Ineluctably drawn into her magnetic field, and the swirling, palpitating square ahead, he starts to fantasize about how he would talk to her, seduce her, rape her, love her, abandon her, cherish her were he, for example, a Brazen Rake, a Brutal Bohemian, a Sensitive Painter, or a Bald Mechanic, jumping from persona to persona as his imaginings become more and more feverish, while in his mind the girl goes through a similar series of transformations.
They, and others who emerge from the side alleys of his mind, strut their stuff, accost one another, argue, and shout until eventually they leave him, on a scorching Cairo street, peering after an infinite succession of receding, parallel clamorous worlds, from whose possibilities he must draw his own conclusions.

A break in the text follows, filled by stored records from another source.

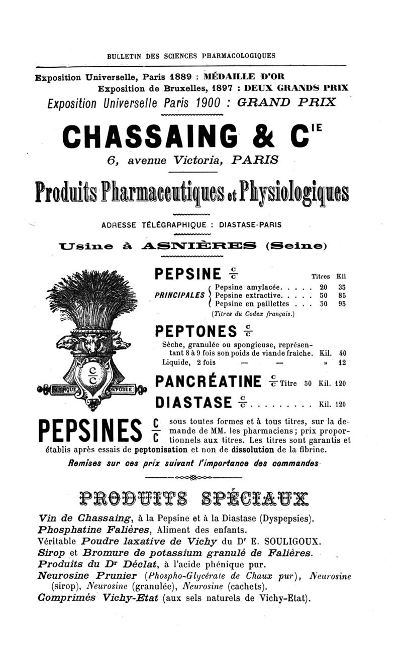 Bulletin des sciences pharmacologiques : organe scientifique et professionnel [Annexes : partie professionnelle et commerciale]
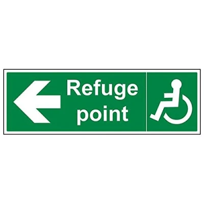 Helps to fulfil legal obligations to inform of the direction in which safety can be reached as per Health and Safety (Safety Signs & Signals) Regulations 1996 Conforms to EN ISO 7010:2012 by featuring a green background with a white pictogram or text positioned centrally Landscape Orientation. Sign reads "Refuge Point" Highly durable Self Adhesive Vinyl material and screen printed message will stand the test of time Sign measures 600 x 200mm. Self Adhesive material will adhere securely to most surfaces
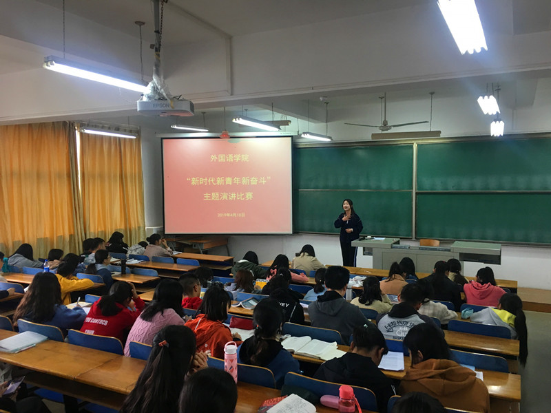 4月10日下午14:00,外语学院“新时代新青年新奋斗”主题演讲比赛在阳光校区崇志楼515教室举行。来自全院的13名选手参加了此次主题演讲比赛,外语学院团委书记、辅导员阎浩主持。
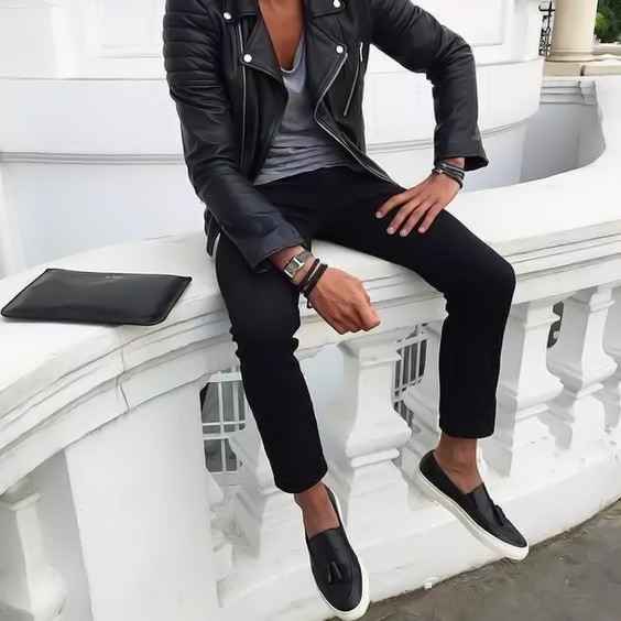 @ 热爱复古的Vincent: 我是男生,也有同样的烦恼!除了万能的黑色牛仔裤,男士皮衣还有什么有特色的裤子搭配吗?
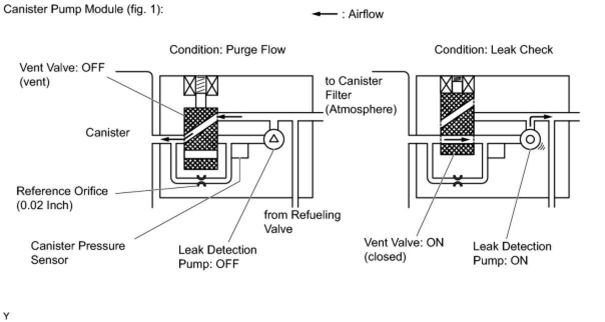 The leak detection pump creates negative pressure (vacuum) in the EVAP system and the pressure is measured. Finally, the ECM monitors for leaks from the EVAP system, and malfunctions in both the canister pump module and purge VSV, based on the EVAP pressure.

While excerpts from his first, unpublished novel The Twenty-Second Day appeared in Akhbar al-Adab in 2004, his first unpublished—as well—novel Al Dawa'er winning the Cultural Palaces prize 2004.
The Gospel according to Adam breaks the conventional format of the novel, consisting as it does of a single 60-page-long paragraph that, like all good streams of consciousness, sweeps writer and reader on to no pre-ordained or predictable destination.
As a reviewer for Al-Ahram's literary page ( May 10, 2006) puts it, The Gospel according to Adam reflects "a social reality that has lost all certainties."